Benchmark Selection

To find a set of applications that dominate today's data centers, we examined a selection of internet services based on their popularity. For each popular service, we analyzed the class of application software used by the major providers to offer these services.

CloudSuite Benchmarks

Data Analytics

The explosion of accessible human-generated information necessitates automated analytical processing to cluster, classify, and filter this information. The MapReduce paradigm has emerged as a popular approach to handling large-scale analysis, farming out requests to a cluster of nodes that first perform filtering and transformation of the data (map) and then aggregate the results (reduce). The Data Analytics benchmark is included in CloudSuite to cover the increasing importance of machine learning tasks analyzing large amounts of data in datacenters using the MapReduce framework.
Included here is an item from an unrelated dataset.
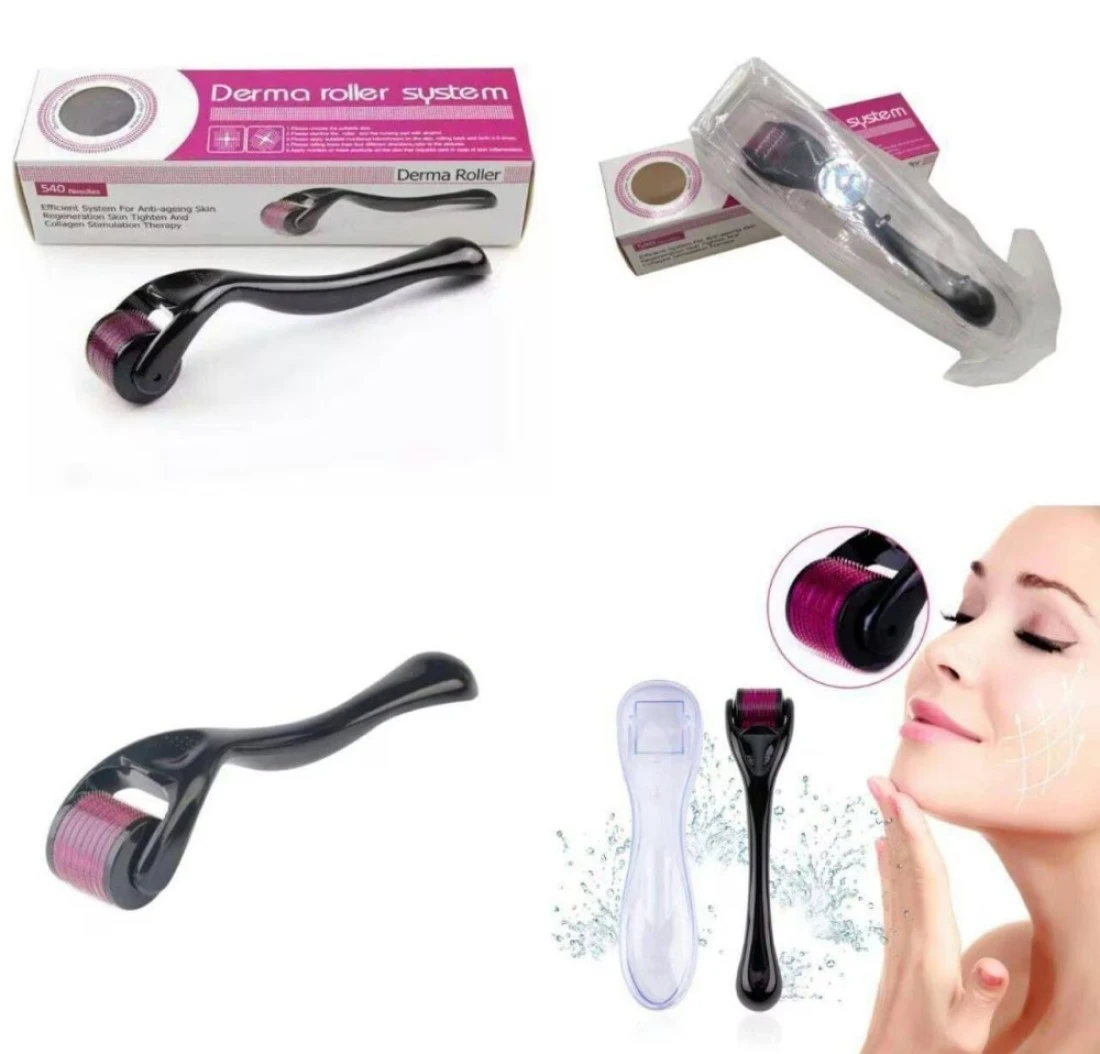 ديرما رولر لنمو الشعر وشد الجلد والعناية باللحية وندبات حب الشباب وعلامات التمدد أسطوانة الوخز بالإبر الدقيقة للوجه وفروة الرأس واللحية أداة سهلة الاستخدام للعناية بالبشرة

It is composed of Mahout, a set of machine learning libraries, running on top of Hadoop, an open-source implementation of MapReduce.

Data Serving

Various NoSQL datastores have been explicitly designed to serve as the backing store for large-scale web applications such as the Facebook inbox, Google Earth and Google Finance, providing fast and scalable storage with varying and rapidly evolving storage schema. The NoSQL systems split hundreds of terabytes of data into shards and horizontally scale to large cluster sizes, typically using indexes that support fast lookup and key range scans to retrieve the set of requested objects. For simplicity and scalability, these systems are designed to support queries that can be completely executed by a single storage node, with any operations that require combining data from multiple shards relegated to the middleware. To cover this category of applications, CloudSuite uses the Cassandra, an open-source NoSQL datastore, stimulated by the Yahoo! Cloud Serving Benchmark.

Media Streaming

Media Streaming is one of the popular applications in cloud datacenters. The availability of high-bandwidth connections to home and mobile devices has made media streaming services such as NetFlix, YouTube, and YuKu ubiquitous. Streaming services use large server clusters to gradually packetize and transmit media files ranging from megabytes to gigabytes in size, pre-encoded in various formats and bit-rates to suit a wide client base. CloudSuite introduces Media Streaming, using the Darwin Streaming Server stressed by a client simulating real world scenarios.

Software Testing

The ability to temporarily allocate compute resources in the cloud without purchasing the infrastructure is what makes clouds a rich environment for innovative applications. Software Testing as a Service is one such innovations that uses the cloud infrastructure to run software testing using symbolic execution. Unlike the traditional super-computer environment with dedicated high-bandwidth and low-latency interconnects, reliable and balanced memory, and compute resources, the cloud offers dynamic and heterogenous resources that are loosely connected over an IP network. Large-scale symbolic execution tasks must therefore be adapted to a worker-queue model with centralized load balancing that rebalances tasks across a dynamic pool of compute resources, minimizing the amount of data exchanged between the workers and load balancers and practically eliminating any communication between workers. CloudSuite leverages Cloud9, software testing as a service software, to cover this category of applications.

Web Search

Web search engines, such as those powering Google and Microsoft Bing, index terabytes of data harvested from online sources. To support a large number of concurrent latency-sensitive search queries against the index, the data is split into memory-residents shards, with each index serving node (ISN) responsible for processing requests to its own shard. A frontend machine sends index search requests to all ISNs in parallel, collects and sorts the responses, and sends a formatted reply to the requesting client. Hundreds of unrelated search requests are handled by each ISN every second, with minimal locality; shards are therefore sized to fit into the memory of the ISNs to avoid reducing throughput and degrading QoS due to disk I/O. To represent search engines, CloudSuite uses the Nutch/Lucene search engine stimulated by a client representing real-world scenarios.

Web Serving

Web Serving is a main service in the cloud. Traditional web services with dynamic and static content are moved into the cloud to provide fault-tolerance and dynamic scalability by bringing up the needed number of servers behind a load balancer. Although many variants of the traditional web stack are used in the cloud (e.g., substituting Apache with other web server software or using other language interpreters in place of PHP), the underlying service architecture remains unchanged. Independent client requests are accepted by a stateless web server process which either directly serves static files from disk or passes the request to a stateless middleware script, written in a high-level interpreted or byte-code compiled language, which is then responsible for producing dynamic content. All state information is stored by the middleware in backend databases such as cloud NoSQL data stores or traditional relational SQL servers supported by key-value cache servers to achieve high throughput. CloudSuite leverages CloudStone running the PHP version of Olio, introducing minor modifications to the original application.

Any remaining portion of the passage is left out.